My heart kicked hard. My mouth went dry. Real, I told myself. This was real, not a fantasy. Not a dream. We were really standing in the soft light of a nearby lamp. He was really looking down at me like that, with an intensity that scrambled my thoughts.
Forbidden. It was so, so forbidden.
Wrong.
Or at least the old Emily had always thought so.
“Ah,” he said softly. “There she is.” And then his hand was there, gently against the side of my face. “Beautiful Emily.”
A dream-like haze settled around me. It was me standing there, but it wasn’t me, not the girl who’d stood there less than twenty-four hours before. It was him, Coach Grimes—but not him. I’d known him for years, first as a man I babysat for, then as a teacher and coach at school. But he was a stranger now, new and mysterious, not treating me like a child or little girl, but looking at me with an intensity that fired through every nerve ending.
What if he touched me?
What if…
“I’ve missed seeing that,” he murmured, “your smile.”
Part of me wanted to turn and run away, break the moment, break it before it broke me. But more and more I didn’t want to be that girl anymore, the one who ran when she was afraid, who’d run from the coffee shop hours before, who’d run from her boyfriend’s betrayal all those weeks ago, and almost got herself killed. Who’d been running her whole life. I was so tired of that girl, of running from things that scared me—I wanted to be in pursuit for a change, to be the one chasing what I wanted, instead of fleeing like a coward. I wanted to know how it felt. I wanted to take chances, to be bold, not cautious.
I wanted to live.
“It’s killed me the past few months, seeing what he’s done to you, twisting you up then tossing you out like garbage. You don’t deserve that.”
But I didn’t want to think about that, about him. Josh.

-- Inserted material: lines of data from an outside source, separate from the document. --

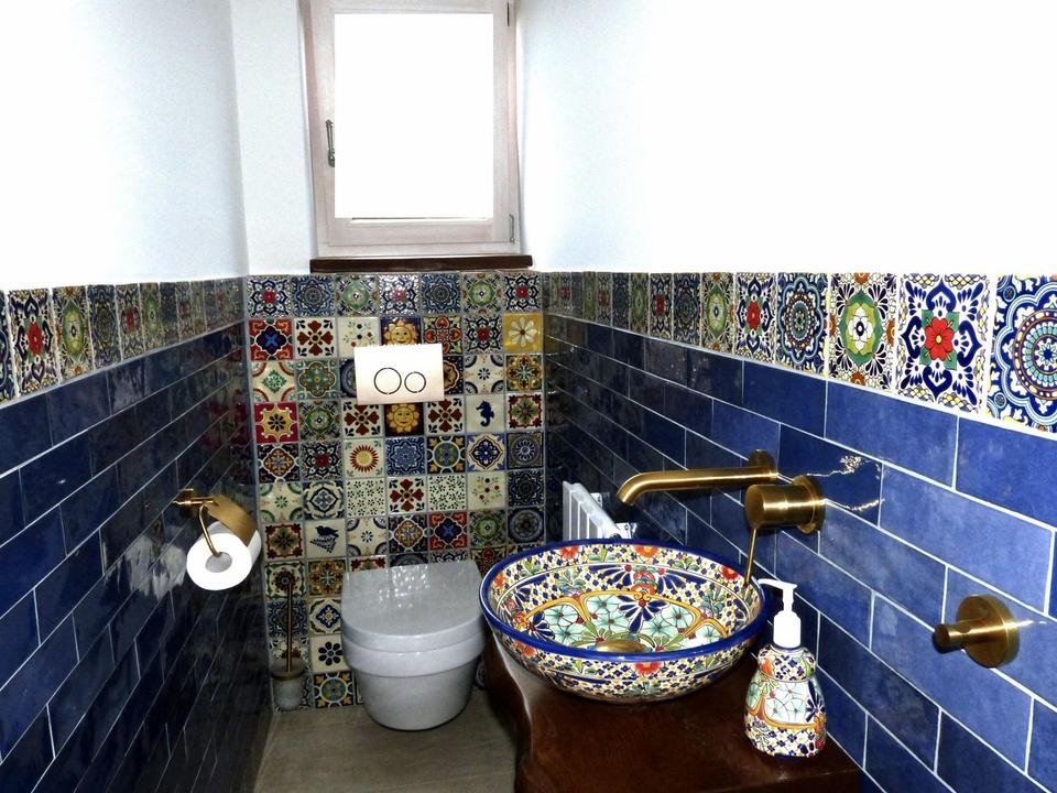 WC: handgemalte mexikanische Fliesen mit passender Waschschüssel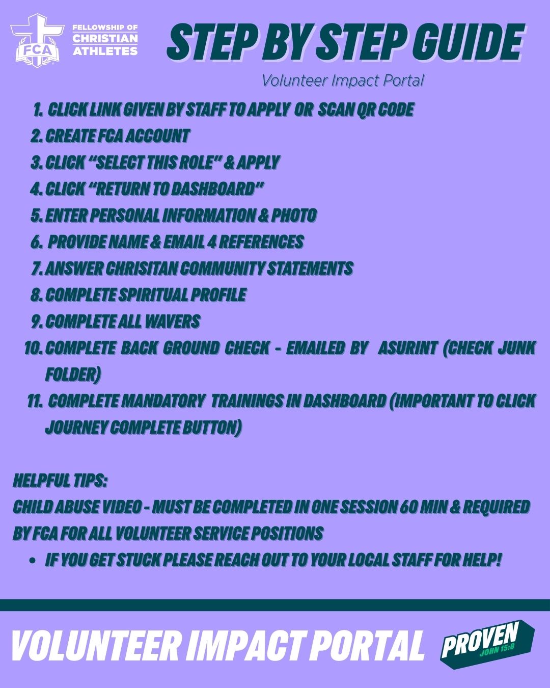 Ready to make a difference through FCA? Apply to become a Ministry Volunteer by completing our Volunteer Application. (VIP) This is required for all volunteers serving the ministry of FCA.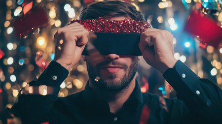 A man enjoys the Christmas celebration playfully blindfolded surrounded by colorful decorations and festive confetti in a vibrant atmosphere.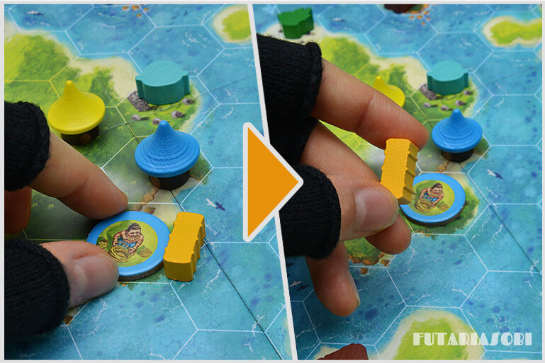 探索・移住フェイズでは、プレイヤーは交互に自分の部族コマもしくは村コマ1個をボード上の空いているマスに配置する。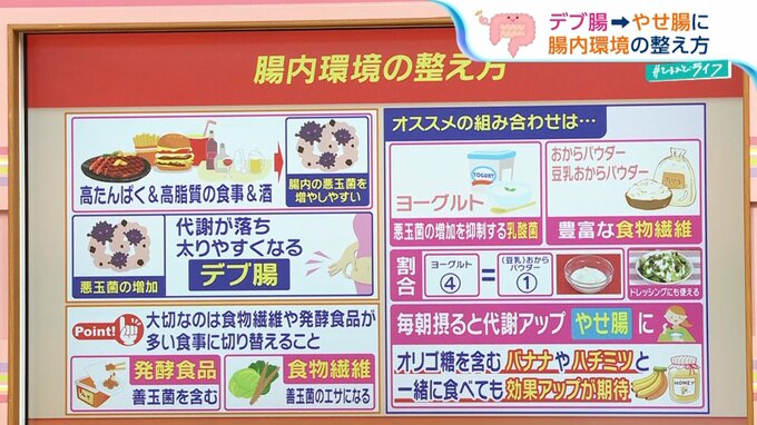 腸内環境は全身に影響しますので、代謝が落ちて太りやすくなる“デブ腸”につながってくるんです。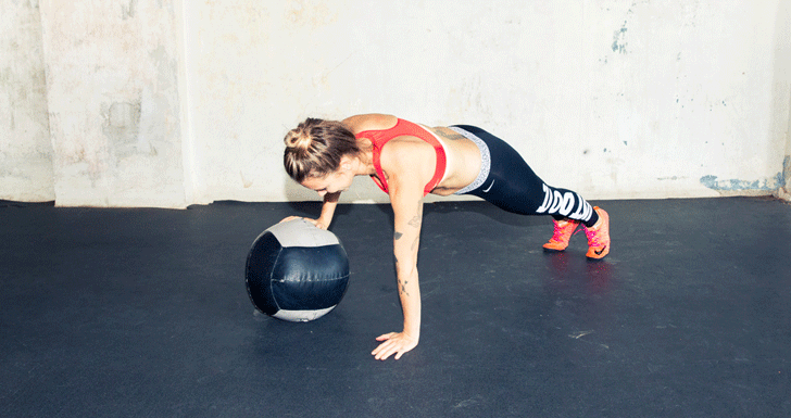 Place a medicine ball nearby and lay on the floor in front of it with your hands on the floor shoulder-width apart in a push-up position. Place the tops of your feet on the medicine ball. At this point your legs should be fully extended and the upper body should be in a push-up position, shoulders directly over top of your wrists. While keeping your back straight and abdominals engaged, pull your knees in towards your chest allowing the ball to roll forward under your ankles. Squeeze your abs and hold that position for a second.Slowly straighten your legs, rolling the ball back to the starting position.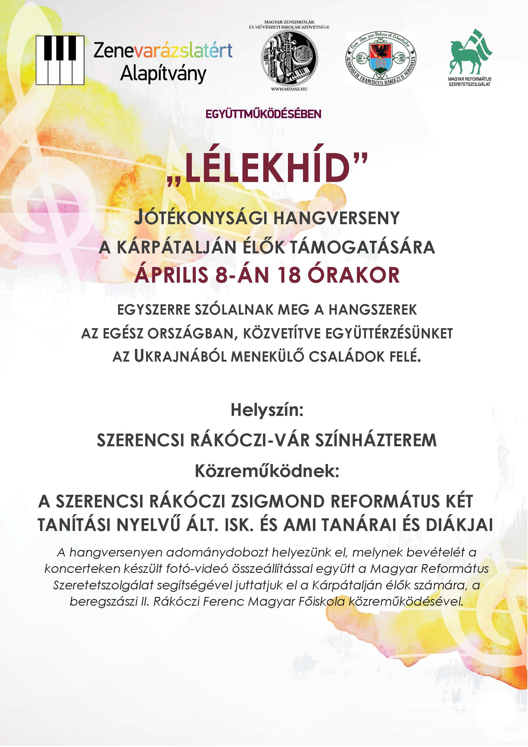 Szerencsi Művelődési Központ és Könyvtár – A Kárpátalján élők megsegítésére tartanak jótékonysági hangversenyt a Rákóczi Zsigmond Református Két Tanítási Nyelvű Általános Iskola és Alapfokú Művészeti Iskola növendékei és tanárai 2022. április 8-án, pénteken 18 órától a szerencsi Rákóczi-vár színháztermében.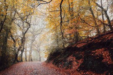 Keywords: trail woods forest trees path foliage nature autumn fall park recreation environment footpath scenic hiking leaves uphill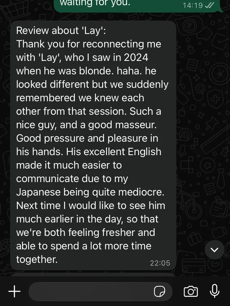 2024年に会った「レイ」と再びつないでくれてありがとうございます。あの時、彼は金髪でした(笑)。見た目は変わっていましたが、お互いあのセッションで会ったことをすぐに思い出しました。本当に感じの良い人で、腕のいいマッサージ師です。手の圧が心地よく、とても気持ちよかったです。私の日本語がかなり拙いので、彼の流暢な英語のおかげでコミュニケーションがとても簡単になりました。次回はもっと早い時間帯に会いたいです。お互いフレッシュな状態で、もっと長く一緒に過ごせますから。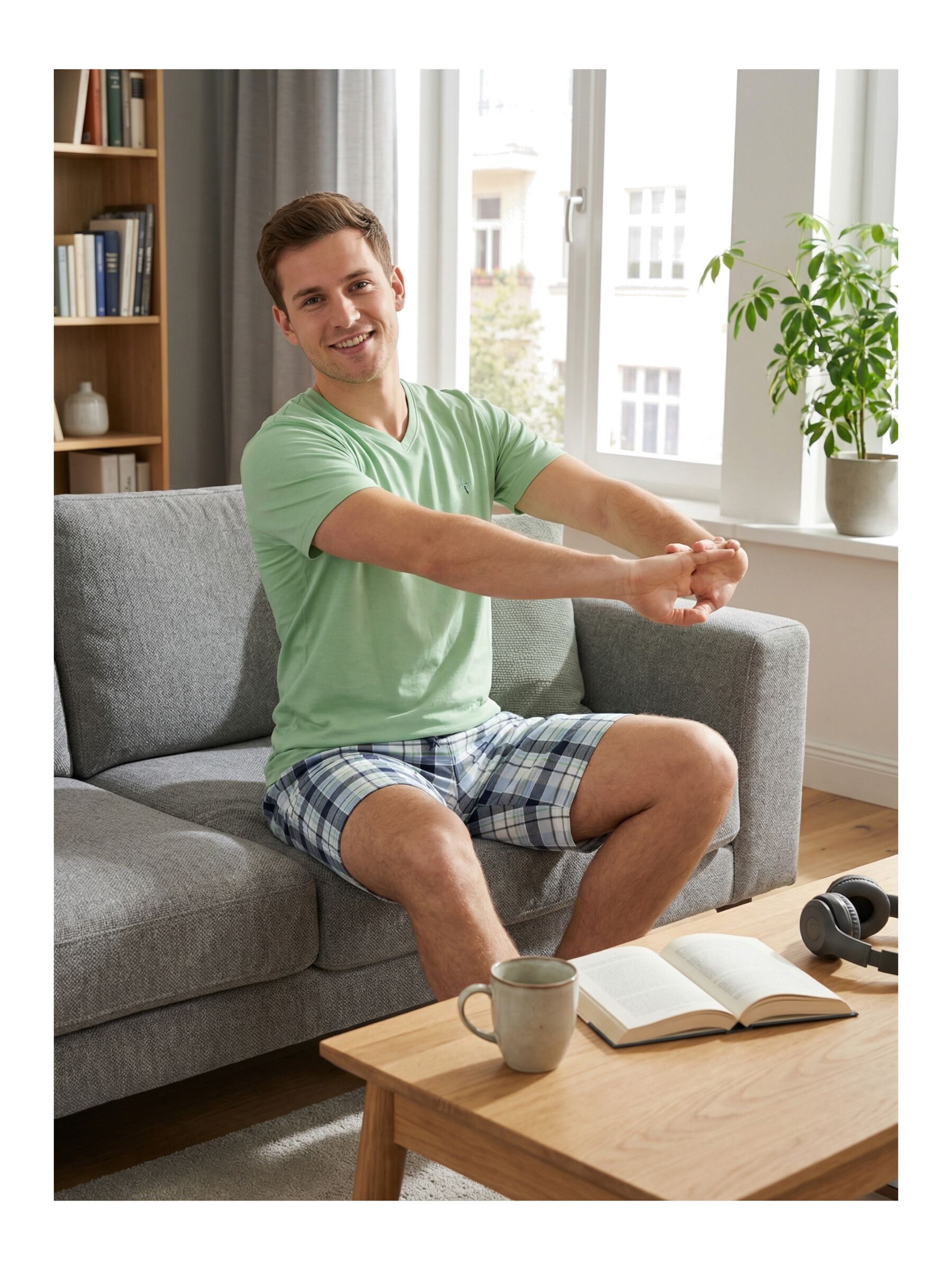 Der Phil & Co. Berlin Herren Pyjama verbindet modisches Design mit hohem Komfort. Das Shorty Set mit klassischem V-Ausschnitt überzeugt durch moderne Prints und stilvolle Farbverläufe – perfekt abgestimmt auf die Frühjahr/Sommer-Saison.

Breathless, I stepped closer. “What do I deserve?”
“So much,” he whispered. “Everything.” The
brown of his eyes was deeper than usual, and in them I knew I could drown.
Excitement…thrill…anticipation. I didn’t know, wasn’t sure.

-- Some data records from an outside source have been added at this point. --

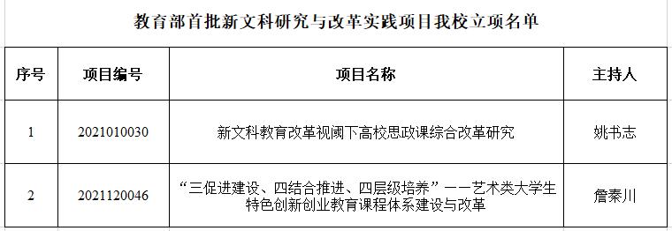 近日,教育部《關(guān)于公布首批新文科研究與改革實(shí)踐項(xiàng)目的通知》發(fā)布,我校姚書(shū)志教授主持的“新文科教育改革視閾下高校思政課綜合改革研究”、詹秦川教授主持的“‘三促進(jìn)建設(shè)、四結(jié)合推進(jìn)、四層級(jí)培養(yǎng)’——藝術(shù)類大學(xué)生特色創(chuàng)新創(chuàng)業(yè)教育課程體系建設(shè)與改革”2個(gè)項(xiàng)目獲批立項(xiàng),立項(xiàng)數(shù)量居陜西省屬高校第二。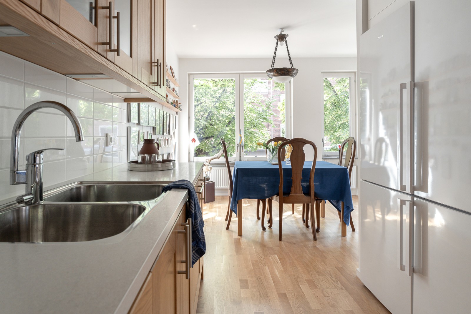 *I avgiften ingår värme och kallvatten. Det tillkommer ett obligatoriskt tillägg för kabel-TV och bredband om 254 kr/månaden. Det är individuell mätning och debitering för varmvatten och el. (Grundavgift 7105 kr, räknat ihop avgift plus tillägg för likviden.)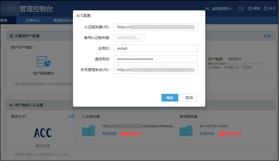 在开启ACC单点登录之前,您需要指定ACC Server相关配置信息;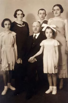 This photo pictures my parents, Iosif and Minta Tucarman, and their four children: Fanny called Nutzy (on my father’s left), Betty (first from right), me, Iancu Tucarman (behind my father) and Sofia (behind Fanny). This photo was taken in Iasi in 1932 at a studio called Foto Select on Cuza Voda Street. The photographer was deaf and dumb. He spoke very slowly, barely understanding the words. He could not pronounce the word ‘smile,’ he could only say ‘smi.’ He was a great man and most demanding. One can see how skilled he was in taking photos.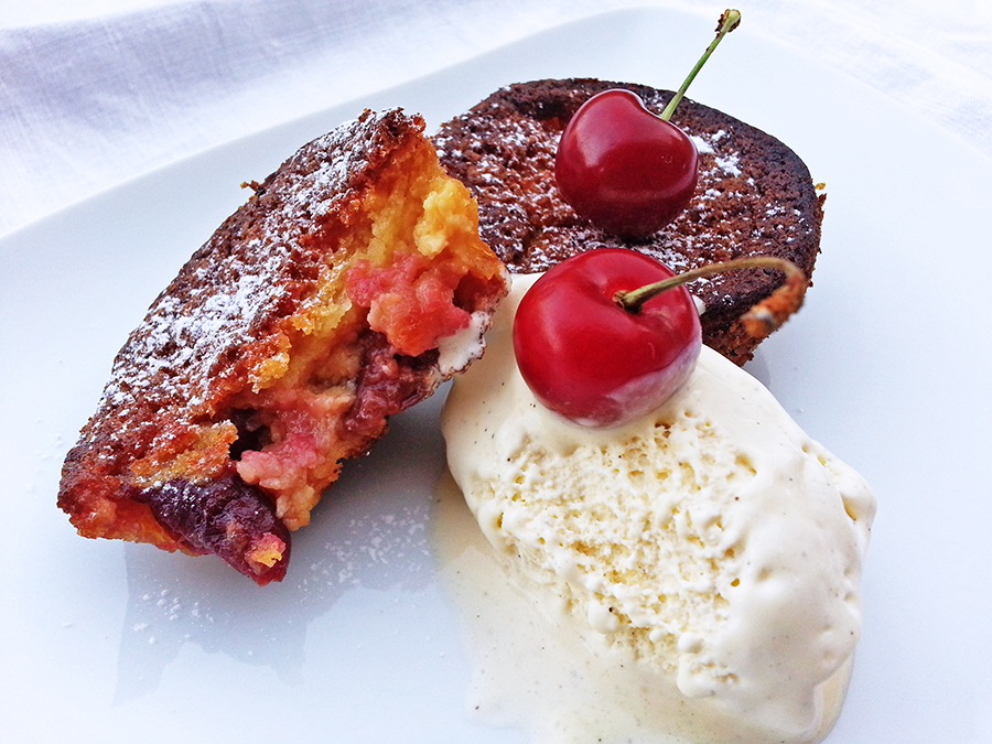 Servir com uma bola de gelado de baunilha ou simplesmente com mais cerejas frescas.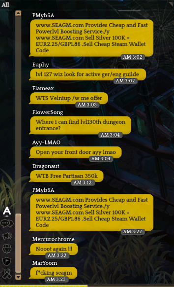 The situation isn’t that bad now because when these spam bots get banned, they aren’t able to refund since they’ve played over 2 hours to level up. This means, the gold seller has to pay 10 dollars for each of their rather short lived advertisement. I’m rather sure they won’t gain 10 dollars back from them.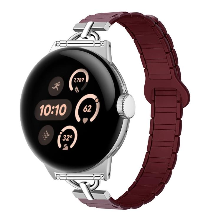 Correa de reloj magnética de silicona con tres cuentas en forma de D de 41 mm para Google Pixel Watch 4 / 3 / 2 / 1 (rojo vino púrpura ahumado)

Not unease, I told myself. Fear, maybe, but not the bad kind—the exciting kind, like sky-diving. Free falling. All I could think was…this was Coach Grimes, and he was looking at me like I was the most beautiful girl in the world. And I could hear Lexi whispering—if you want your life back, you have to go for it...
“This,” he said, and then somehow I was in his arms, pulled close and held tight, against his body. Moving to the music.
Mindlessly I lifted my own arms to curve around his waist, and the heat streaked deeper, liquid lightening through every cell of my body. I held on, held on so, so tight, stunned by the hard, sculpted feel of him.
“So perfect,” he murmured, running a hand up my back to tangle in my hair. “I’ve imagined this so many times.”
His hands settled against my shoulders, the warmth of his breath feathering against my neck.
“But you were too young at first,” he said with a soft kiss to bare flesh. “And I was married.”
I shivered.
“But you’re not a little girl anymore,” he said, nibbling, “and I’m a free man.”
Drowning. It was all I could think. I was drowning, drowning.
Everything was different, all the boundaries from before, the lines, gone. There was just him and me, alone, with nothing standing between us.
This, I realized. This was it. The moment I’d been waiting for, the chance to be the person I wanted to be, someone who went after life, what she wanted, and didn’t look back.
He was right. I wasn’t a little girl anymore.
“So beautiful,” he murmured against my hair. “Do you have any idea how long I’ve wanted to hold you like this?”
No, I tried to whisper, but the words wouldn’t form, not as his hands roamed my body, his mouth pressing little kisses along my jaw. There was only a wash of sensation, and scrape of breath.
Dream, some part of me thought. This was all some wild, mixed-up dream, not really happening, couldn’t really be happening, but then his mouth was on mine, his whiskers scraping along my jaw, and I could feel him pressed against my belly, and I knew that it was real. That he was real. That what was happening—what was about to happen—was real.